• What is needed
Your answer must be the exact lines of the listing below that run from the line with "Vonná svíčka v" to the line with "There were no", ends included, and no pictures.
━━━━━━━━━━━━━━━━
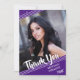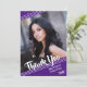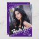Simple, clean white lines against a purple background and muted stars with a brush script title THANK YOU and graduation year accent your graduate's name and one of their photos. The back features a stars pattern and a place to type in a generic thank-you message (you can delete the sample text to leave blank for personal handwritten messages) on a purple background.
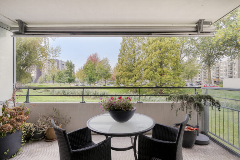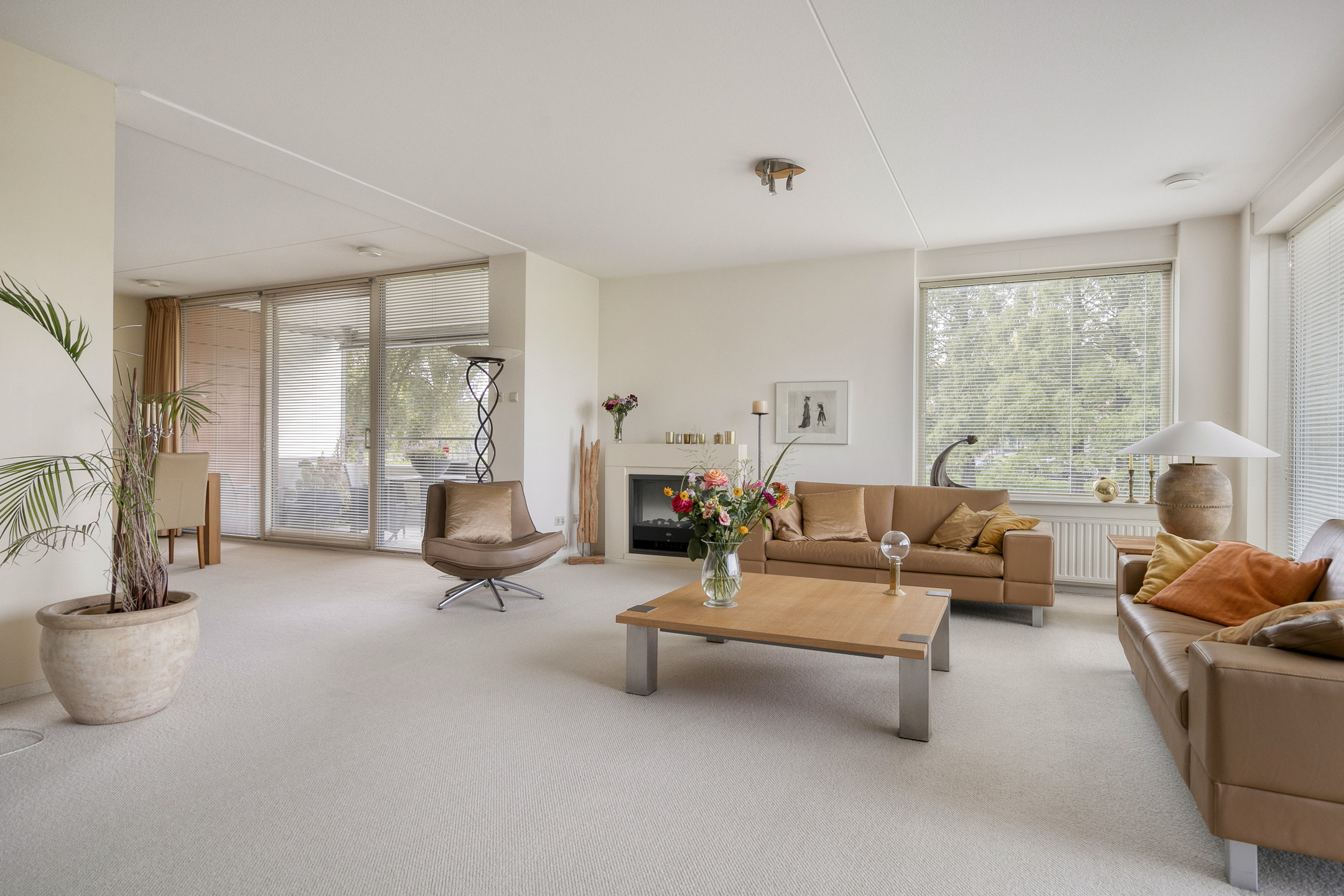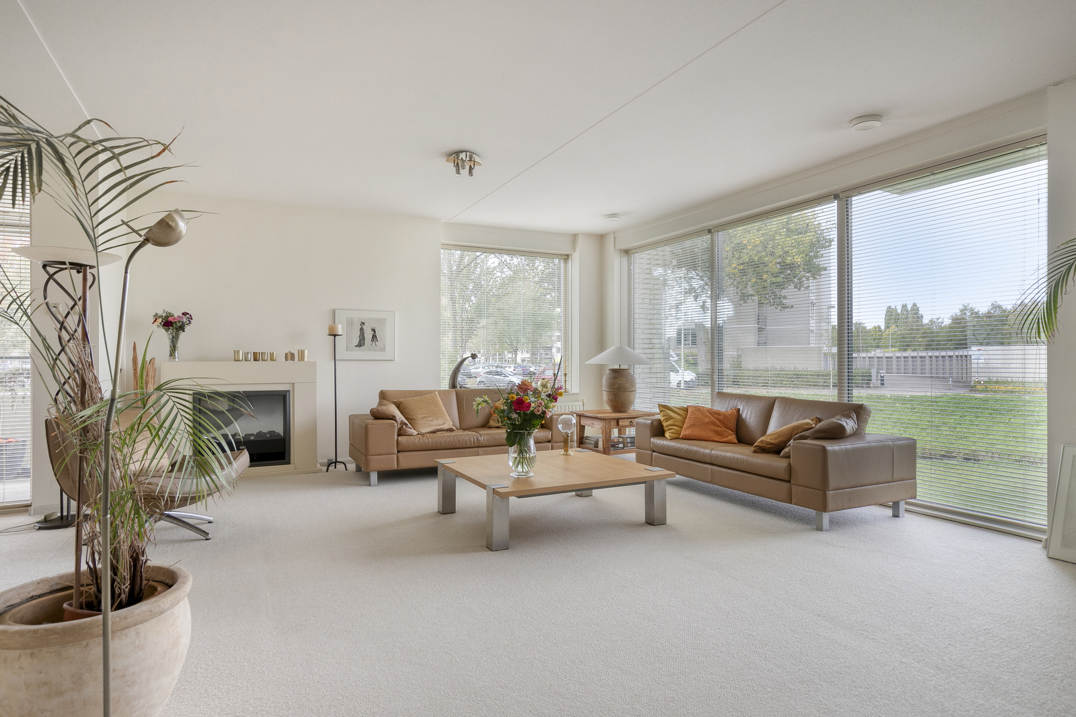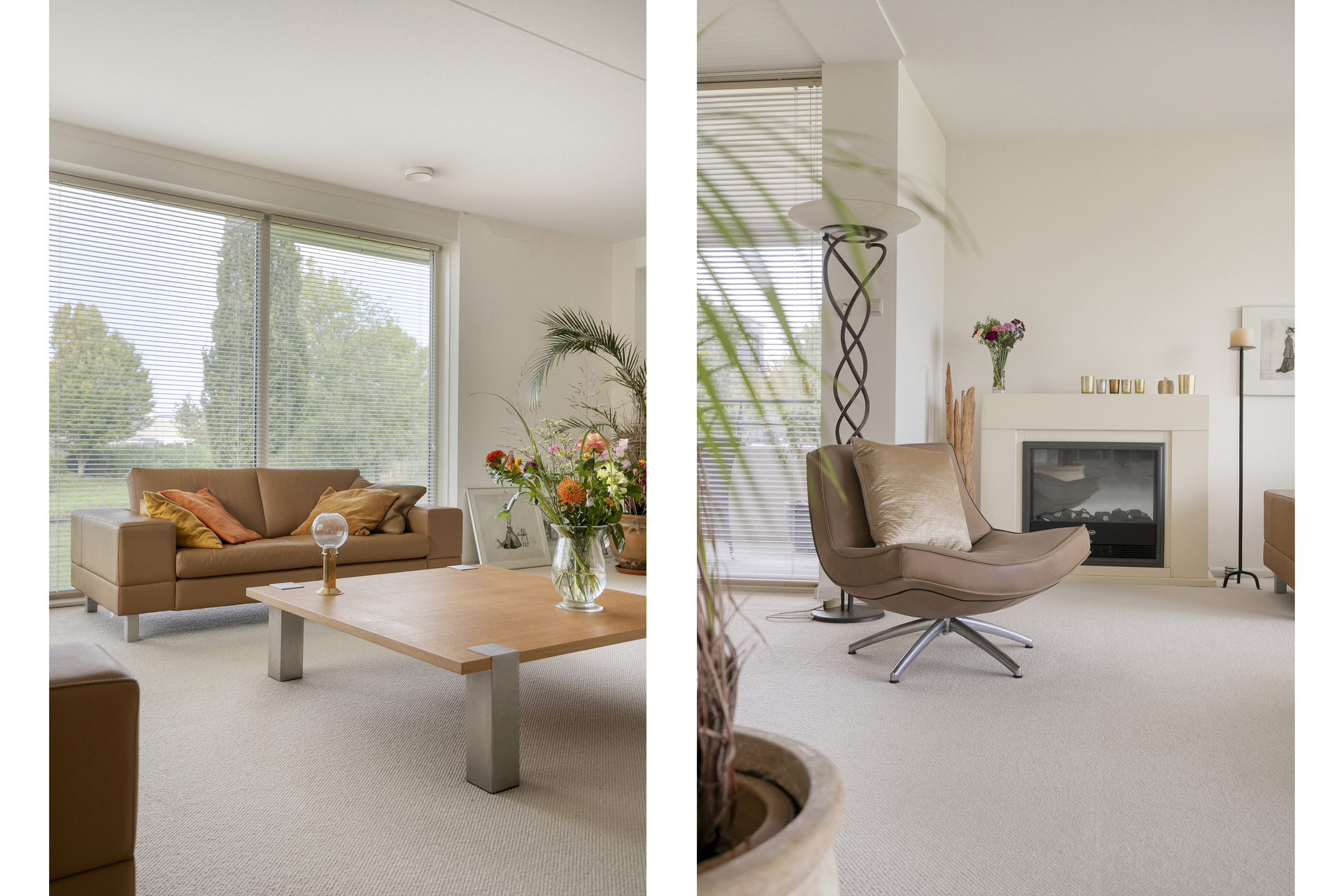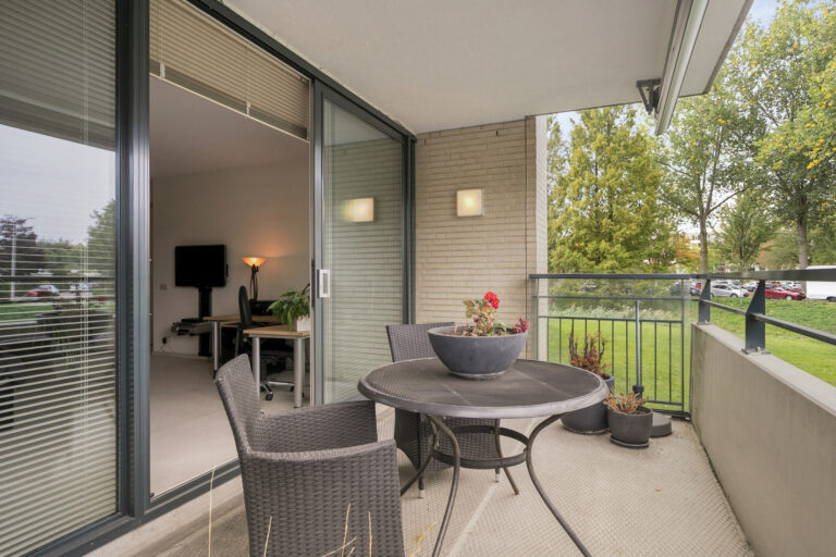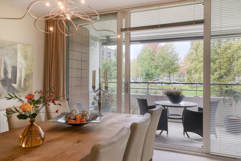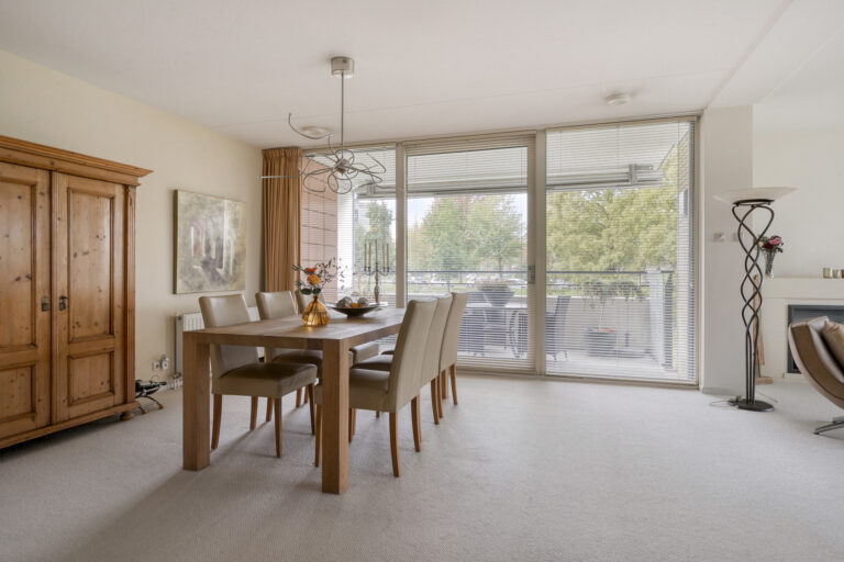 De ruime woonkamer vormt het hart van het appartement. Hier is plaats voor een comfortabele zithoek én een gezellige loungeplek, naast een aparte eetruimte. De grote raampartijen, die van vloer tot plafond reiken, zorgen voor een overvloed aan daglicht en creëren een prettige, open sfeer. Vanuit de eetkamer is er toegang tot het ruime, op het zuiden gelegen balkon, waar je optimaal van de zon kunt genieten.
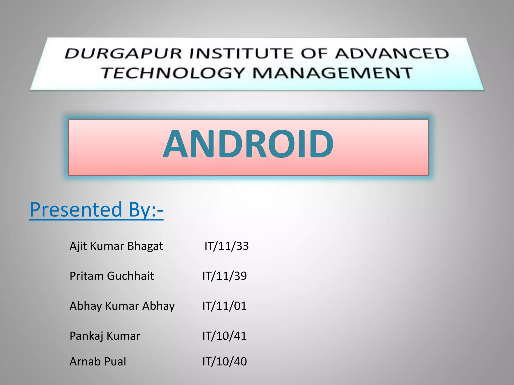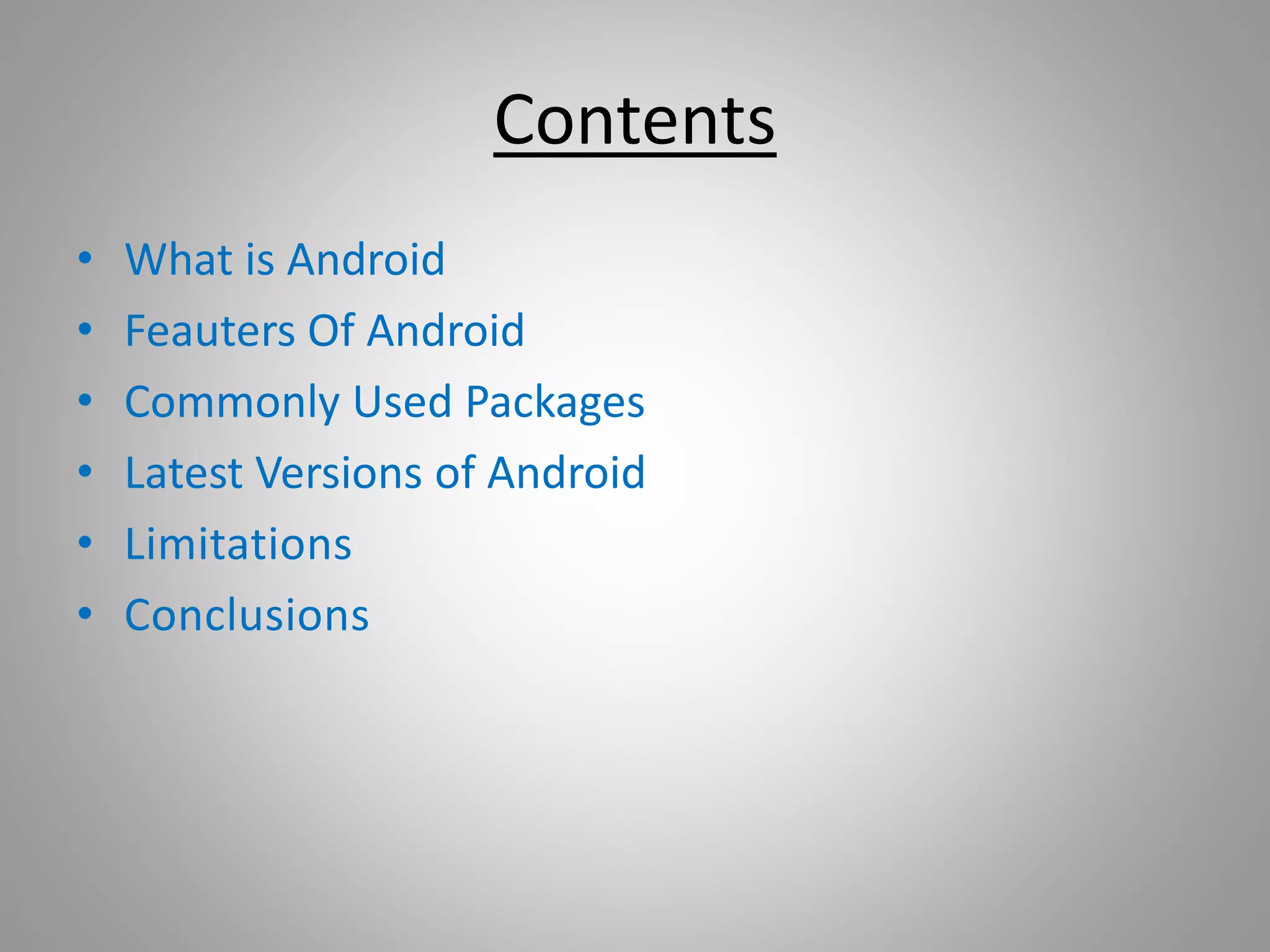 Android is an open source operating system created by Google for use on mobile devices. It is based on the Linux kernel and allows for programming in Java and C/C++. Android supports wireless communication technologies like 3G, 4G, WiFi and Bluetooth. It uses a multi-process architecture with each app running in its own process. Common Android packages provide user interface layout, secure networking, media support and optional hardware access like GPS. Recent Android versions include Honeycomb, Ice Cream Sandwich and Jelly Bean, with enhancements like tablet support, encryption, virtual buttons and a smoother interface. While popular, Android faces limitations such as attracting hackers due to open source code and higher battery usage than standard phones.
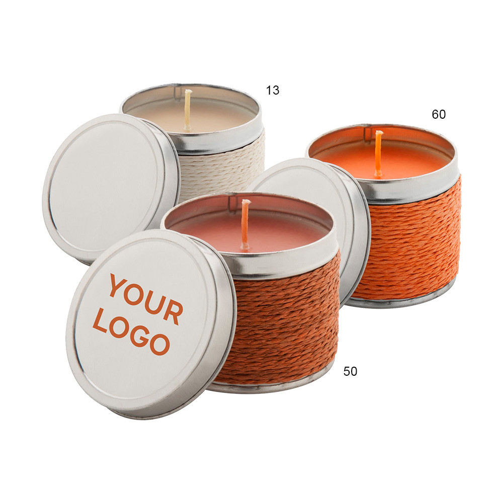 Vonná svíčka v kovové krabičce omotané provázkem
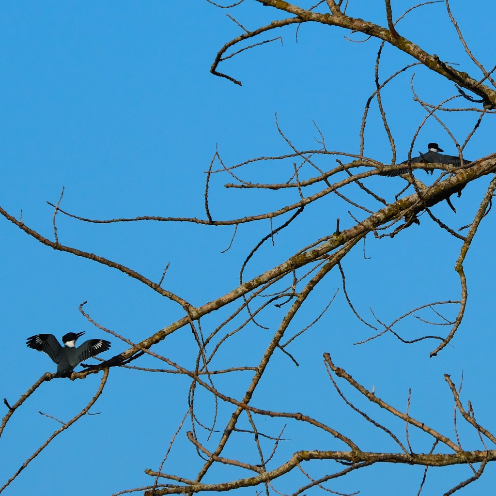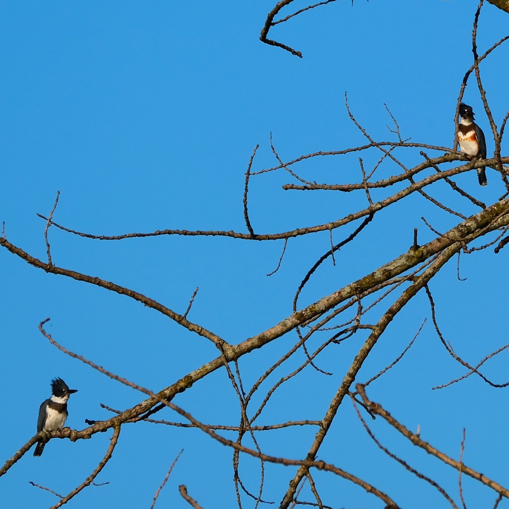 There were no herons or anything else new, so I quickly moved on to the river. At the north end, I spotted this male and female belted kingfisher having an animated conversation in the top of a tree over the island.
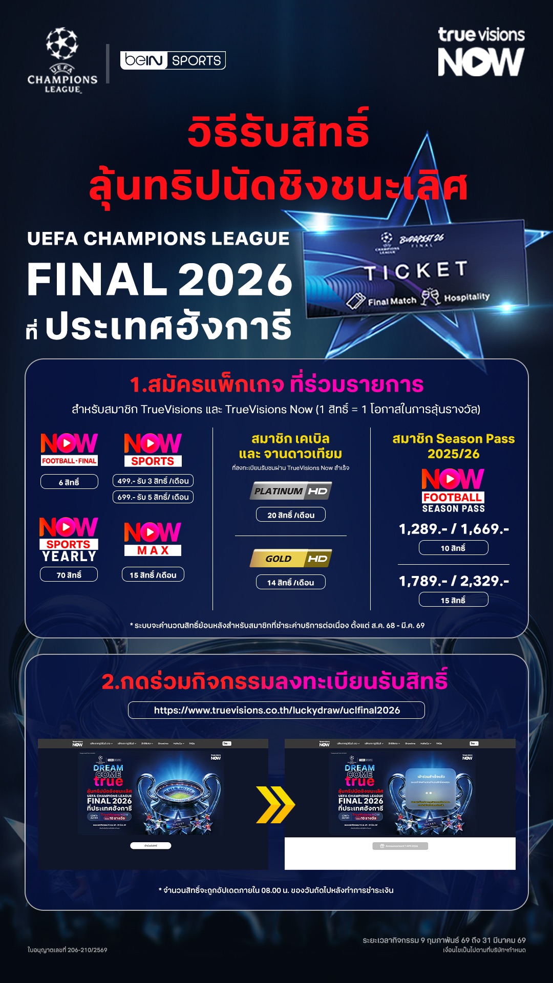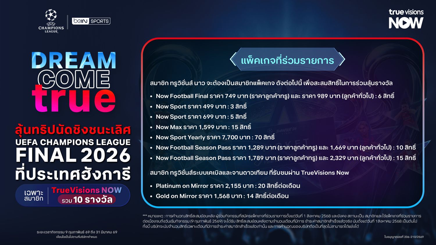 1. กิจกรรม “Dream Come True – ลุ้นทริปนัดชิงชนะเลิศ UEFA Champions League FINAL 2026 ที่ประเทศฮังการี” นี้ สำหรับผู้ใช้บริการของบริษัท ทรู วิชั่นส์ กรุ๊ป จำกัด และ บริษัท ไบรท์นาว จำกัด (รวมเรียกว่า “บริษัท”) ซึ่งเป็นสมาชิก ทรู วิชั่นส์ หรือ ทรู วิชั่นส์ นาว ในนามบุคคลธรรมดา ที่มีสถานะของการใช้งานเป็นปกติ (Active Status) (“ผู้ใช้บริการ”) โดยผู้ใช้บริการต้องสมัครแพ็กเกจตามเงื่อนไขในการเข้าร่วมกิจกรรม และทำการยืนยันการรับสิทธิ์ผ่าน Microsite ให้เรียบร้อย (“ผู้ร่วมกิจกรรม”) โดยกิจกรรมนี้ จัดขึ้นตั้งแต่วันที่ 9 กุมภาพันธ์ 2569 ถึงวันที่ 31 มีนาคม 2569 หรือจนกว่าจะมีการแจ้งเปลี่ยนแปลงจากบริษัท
━━━━━━━━━━━━━━━━
• Task output
 Vonná svíčka v kovové krabičce omotané provázkem
 There were no herons or anything else new, so I quickly moved on to the river. At the north end, I spotted this male and female belted kingfisher having an animated conversation in the top of a tree over the island.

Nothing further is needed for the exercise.